Sunday, July 21, 2013

The Ghettosburg Address*


Four hundred and one half dozen years ago, invaders brought forth on this continent a new nation, conceived through theft and slavery, and dedicated to the proposition that white men are superior. 

Since that time, we have been engaged in a one-sided civil war, testing whether that nation, or any other so conceived and so dedicated, can long endure.  The question before us being the oldest of humanity: can ill-gotten power sustain an oppressive regime or must that oppressor fall under the weight of contradictions generated at its birth and forever held in its bosom?  The entire continent is thus a battlefield of that war.  We are now all forced, by innumerable events—formal and informal; interpersonal and systemic—to recognize and officially acknowledge that this land is one on which only one ideal can live.  After centuries of denial, it is altogether fitting and proper—indeed imperative—that we should do this. 

But in a larger sense, we cannot dedicate, we cannot consecrate, we cannot hallow this ground because most of us have no legitimate authority here and precious few of its rightful inheritors survive to claim it.  The brave men and women, past and present, who struggle here, have consecrated it far above our power to add or detract.  The globe is forever changed by the events that occurred over here over these centuries, but it may someday recover the peace that was upset here. 

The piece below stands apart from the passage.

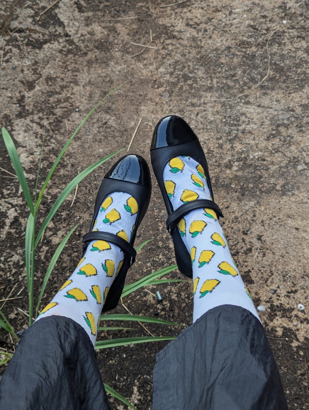 Mary Jane shoes are back, but the question is, did they ever really leave? I love seeing all the hybrids like mary jane sneakers, mary jane crocs & even mary jane uggs (no, I’m not making any of that up!) So of course I had to snag a pair, & I kept it very classic with these Clarks school shoes. I really enjoy the two toned leather (matte with a shiny patent toe area) & I find that they’re the perfect blank canvas to accessorize with really fun printed socks!

In a somber yet hopeful spirit, it is for us the living to reflect upon and then forever choose our position in this war—to side with white supremacy or the equality of peoples.  And then to fight will all vigor, recognizing, as our ancestors did, that this war cannot end but in the complete and final defeat of one or the other ideal.  We see now, as our ancestors did, that the realization of either ideal excludes the possibility of the other, both by definition and its necessarily complete consumption of the energies and institutions of any people.  We see now, as our ancestors did, that both ideals require more than articulation; that both require instantiation and that such instantiation is the eternal damnation of the other. 

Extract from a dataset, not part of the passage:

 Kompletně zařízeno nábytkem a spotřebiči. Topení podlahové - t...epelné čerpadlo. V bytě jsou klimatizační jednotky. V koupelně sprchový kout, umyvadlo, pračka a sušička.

Therefore, it is for us to be here dedicated to the great task inherited by each of us and remaining before us all—that from this reflection we take increased devotion to the war that defines this land—that we highly resolve that injustice shall not perpetually reign—that this nation shall finally give birth to freedom—and that no matter the costs—equality of all people, defined by oppressed peoples, ensuring justice for all people, shall soon be realized upon this earth. 


*aka "The Sanford, FL Address" following George Zimmerman's acquittal for murdering Trayvon Martin

** Lincoln's speech is here.  

*** This is a first draft, written to process this highly emotional, serious, and political moment.  Comments and edits are welcome.